SPAGRM is now implemented in the GRAB package. Please click here for download.
SPAGRM is a scalable, accurate, and universal analysis framework to control for sample relatedness in large-scale genome-wide association studies (GWAS). In the paper A scalable, accurate, and universal analysis framework to control for sample relatedness in large-scale genome-wide association studies and its application to 79 longitudinal traits in UK Biobank (to be updated), we applied SPAGRM to analyze 79 longitudinal traits extracted from UK Biobank primary care data. As a universal analysis framework, we also evaluated SPAGRM's performance in quantitative and binary trait analysis.

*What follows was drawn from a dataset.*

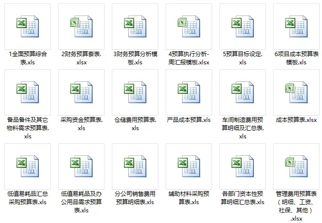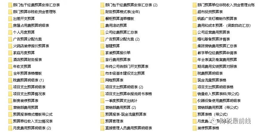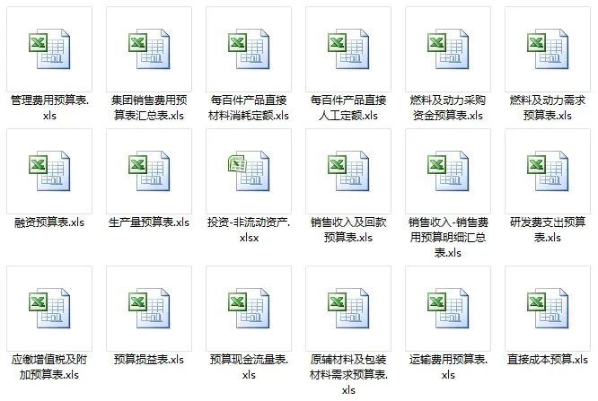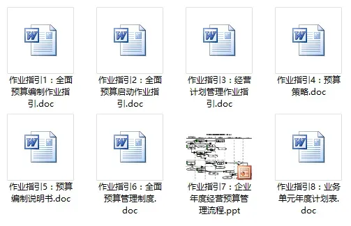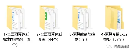 本套资料包含全面预算管理全套表格(44个)、全面预算体系搭建作业指引(8个)、 预算编制与控制(4个)、预算专题Excel模板(57个),全是干货,预览如下:

Like many other popular methods, such as BOLT-LMM, SAIGE, fastGWA, REGENIE, GATE, and POLMM, SPAGRM is also a two-step method to control for sample relatedness in large-scale cohort. It consists of:
-
In step 1, SPAGRM fits a null model to adjust for the effect of covariates on phenotypes and calculate model residuals. It is optional, rather than required, to incorporate the random effect into null model fitting to characterize the sample relatedness.
-
In step 2, SPAGRM associates the trait of interest to a single genetic variant and obtain GWAS results by a retrospective strategy: that is treating the genotypes as random variables. Unlike regular retrospective methods which solely rely on the genetic relationship matrix (GRM), SPAGRM calculates identity by descent (IBD)-sharing probabilities and then employs the Chow-Liu algorithm to approximate the joint distribution of genotypes. Saddlepoint approximation is applied in SPAGRM that can greatly increase the accuracy to analyze low-frequency and rare variants, especially if the phenotypic distribution is unbalanced.
-
To avoid redundant computations in step 2, SPAGRM uses the IBD-sharing probabilities and Chow-Liu algorithm to approximate the discrete joint distribution of genotype vectors in advance (illustrated as step 0).
See A scalable, accurate, and universal analysis framework to control for sample relatedness in large-scale genome-wide association studies and its application to 79 longitudinal traits in UK Biobank (to be updated) for more details about the workflow of SPAGRM.